「もっとやりたい」くらいで終えるのがちょうど良い

 行政書士試験対策の通信講座を受講したものの、途中で勉強を続けられなくなってしまったという苦い過去をお持ちの方は、意外にもたくさんいらっしゃるのではないでしょうか?
私の身の回りにも、何人か思い浮かぶ顔があります。私が行政書士試験に通信講座で合格したことを知り、「私にもできるかも!」ということで真似をしてみたものの、どうやら本試験日まで頑張り続けることが出来なかったとのこと。
行政書士試験対策に限らず、どんな通信講座でも同様のことが言えるのかもしれませんが、通信講座って気軽に始められる一方で、挫折しやすいんですよね。

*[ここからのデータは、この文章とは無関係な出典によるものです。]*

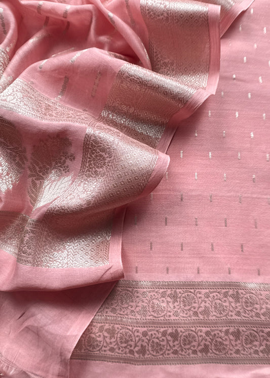 Pink Banarasi Khaddi Unstitched Dupatta Suit In Georgette
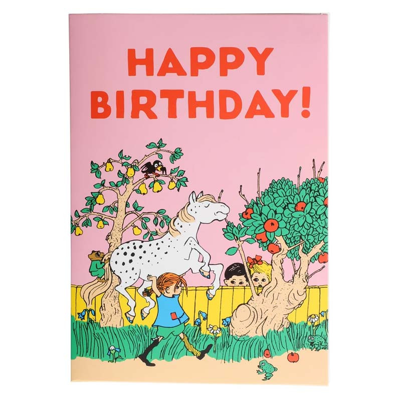 Fira födelsedagen med Pippi och vännerna! Det här färgglada grattiskortet med motiv från Astrid Lindgrens sagovärld är fullt av lek och glädje – precis som ett barnkalas ska vara. Pippi, Lilla Gubben och Tommy & Annika önskar ett riktigt stort ”happy birthday”! Kortet levereras med vitt kuvert och är redo att fyllas med en personlig hälsning. Fler produkter för ett lyckat Pippi-kalas finns här! Storlek: 12 x 17 cm Vikt kort Inklusive kuvert
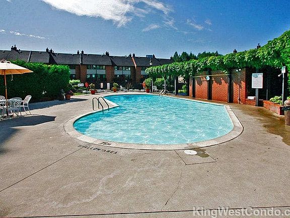 Bright, open lake-view luxury condo. With rare, large garden, BBQ, outdoor pool in prime King West location. All the amenities you can think of in/out pool, jacuzzi, sauna, squash, ping-pong, pool, library, full gym, aerobics class..

 ここからは、行政書士試験に通信講座で合格した私から、これから通信の受講をお考えの方に向けてのアドバイスになりますが、第一に言えるのが「くれぐれも勉強をやり過ぎないこと」です。
こんな風に言えば、「合格を目指して一生懸命勉強することのどこが悪いのか」と言われてしまいそうですが、これはあくまで「特定の日にやり過ぎないこと」と意味します。
例えば、講座受講開始の当初はまだまだやる気満々で、「よ~し、ガッツリやるぞ」という意気込みだけでひたすらに量をこなしてしまう方もいらっしゃると思います。
この場合、当然のことながら徐々に疲れてきてしまいます。疲労が蓄積されれば、次第に「もう勉強したくない」と思いつめたり、「最初にしっかり頑張ったんだから少しくらいサボったっていいよね」と勉強をおろそかにし出したり、といった事態に陥るでしょう。
いずれのケースにおいても、本試験日まで計画的に学習を継続させることが不可能になってきてしまうのです。

 行政書士試験対策にしろ何にしろ、通信講座はコツコツと計画的に取り組んでいくことが大切です。
手元に教材が揃っていると、つい早く終わらせたくなってしまう方もいらっしゃるでしょう。ですが、それではただこなすだけであり、知識は定着しません。むしろ、一時期に勉強をし過ぎることで、本試験日前にすっかり疲弊してしまうことにもつながりかねないのです。

 日々の取り組みの目安は講座によってまちまちでしょうが、目安としては「もう少しやりたいな」程度にとどめることです。「もう少し」の気持ちが明日の学習への意欲につながり、結果的に資格対策を長続きさせるポイントになることでしょう。この点、心にとめておかれると役に立つことと思います。